Let X be the per capita consumption of bottled water. We can calculate the z-score for 39 gallons using the formula:

z = (X - μ) / σ
z = (39 - 34.4) / 13

Using a standard normal distribution table or calculator, we can find the probability corresponding to this z-score:

P(X > 39) = P(Z > (39 - 34.4) / 13)
P(X > 39) = P(Z > 0.3538)

The probability that someone consumed more than 39 gallons of bottled water is approximately 1 - 0.6368 = 0.3632.

a. The probability that someone consumed more than 39 gallons of bottled water is approximately 0.3632.

b. To find the probability that someone consumed between 20 and 30 gallons of bottled water, we need to calculate the z-scores for both values and find the area between them.

z_20 = (20 - 34.4) / 13
z_30 = (30 - 34.4) / 13

Using the standard normal distribution table or calculator, we can find the probabilities corresponding to these z-scores:

P(20 < X < 30) = P(z_20 < Z < z_30)
P(20 < X < 30) = P((-1.1077 < Z < -0.3385)

The probability that someone consumed between 20 and 30 gallons of bottled water is approximately 0.4084 - 0.3694 = 0.039.

b. The probability that someone consumed between 20 and 30 gallons of bottled water is approximately 0.039.

c. To find the probability that someone consumed less than 20 gallons of bottled water, we can calculate the z-score for 20 gallons:

z = (20 - 34.4) / 13
z = -1.1077

Using the standard normal distribution table or calculator, we can find the probability corresponding to this z-score:

P(X < 20) = P(Z < -1.1077)

The probability that someone consumed less than 20 gallons of bottled water is approximately 1 - 0.3694 = 0.6306.

c. The probability that someone consumed less than 20 gallons of bottled water is approximately 0.6306.
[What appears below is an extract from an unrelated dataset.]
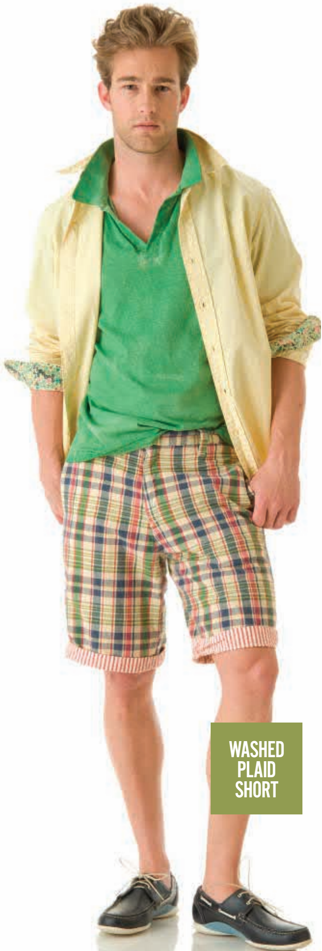
WASHED PLAID SHORT

d. To find the value that corresponds to the 99th percentile, we need to find the z-score that corresponds to this percentile and then convert it back to the original scale using the mean and standard deviation.

The z-score that corresponds to the 99th percentile is approximately 2.3263. Rearranging the formula for the z-score:
z = (X - μ) / σ

We can solve for X:

X = z * σ + μ
X = 2.3263 * 13 + 34.4

X ≈ 63.45

99% of people consumed less than approximately 63.45 gallons of bottled water.

d. 99% of people consumed less than approximately 63.45 gallons of bottled water.